Ein scharfsinniger Poet des Alltags

Wertheim. Mit dem Auftritt des Westberliner Liedermachers Manfred Maurenbrecher erlebten die Besucher bei Convenartis einen herausragenden Abend. Darüber waren sich die Gäste am Freitag im Gewölbekeller des Kunstvereins nach der Vorstellung einig.

Ein kauziger Typ ist er, mit komischer Weste, Hornbrille und langhaariger Halbglatze, mit knorriger, roher Stimme, die bereits im Bühnenprogramm als "gewöhnungsbedürftig" eingestuft wird. Am Solopiano pendelt er zwischen urigem Blues und Popballade, stilistisch unverschnörkelt, aber immer für eine Überraschung gut, auffallend emotional. Bei fast schon brutalen Improvisationen wird er zum stampfenden, schwitzenden Derwisch, der sich unter sichtbarer Anstrengung von den Tasten losreißen muss, um ein Lied zu beenden.

Seine Musik allein ist in ihrer gebündelten Kraftfülle schon hörenswert. Erst in Kombination mit seinen Texten aber entfaltet sie ihre faszinierende Wirkung, die Maurenbrecher zu dem magnetischen Performer macht, der er ist. Als Poet des Alltags und scharfsinniger Beobachter entlarvt er anhand eigentlich banaler Geschichtchen die Absurdität der Welt und die selbstzerstörerischen Denkfehler ihrer Durchschnittsbürger.
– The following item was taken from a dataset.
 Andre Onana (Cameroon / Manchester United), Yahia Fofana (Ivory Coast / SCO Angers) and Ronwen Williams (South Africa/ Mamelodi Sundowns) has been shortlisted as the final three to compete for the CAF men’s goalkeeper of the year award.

Meist eher melancholisch als anklagend, aufrichtig und voller Wortwitz, zürnt er gegen Ellbogengesellschaft und das Kind als zu perfektionierendes Produkt, gegen den ethischen Konstruktionsfehler der "Bad Banks", gegen Öko-Bigotterie und arrogante Alpha-Männchen in allradgetriebenen Geländelimousinen ("Alle Räder stehen still, wenn mein starker Arm es will!"). Weit links muss man seine Botschaft einordnen, aber auch weitab jedes Dogmas - nicht ohne die Selbstkritik des Alters wünscht er sich den Glockenschlag des heiligen Sonntags zurück, "der den Freidenker verstört". Wer dieser Freidenker vor über 30 Jahren war, als er zum ersten Mal die Bühne betrat, wird dabei sehr deutlich, fast so, als vermisse er die Reibung, die ihn einst in Hassliebe mit einer traditionell-konservativ strukturierten Gesellschaft, die sich langsam auflöst, verband.

Einen Kabarettisten kann man Maurenbrecher trotz Humors und Vielfalt seines Repertoires nicht nennen. Die Hälfte seines Programms machen heillos romantische Lieder aus, bei denen er mit seiner direkten Sprache und mit passioniertem Klavierspiel unwahrscheinlich plastische, wehmütige Bilder vor dem inneren Auge seines Publikums malt. Nicht umsonst gibt der bekennende "melancholische Optimist" seinen Programmen Titel wie "Glück" oder "Hoffnung für alle", die überraschenderweise gar nicht ironisch gemeint sind. In seinen Erzählungen hat auch das Unheil immer einen schwer begreifbaren Sinn, siegt die Liebe stets auf ihre eigene Art. So wie Maurenbrecher das transportiert, ist man gewillt, es ihm zumindest einen Abend lang zu glauben.

In so viele, so komplizierte Ebenen stößt der Mann im Lauf seines Auftritts vor, heiter und bitterernst zugleich. Trotzdem schafft er es, seine Zuhörer durchgehend anzusprechen. Ein Glücksfall für jeden, der die Chance hat, eine Darbietung dieses Ausnahmekünstlers live zu erleben.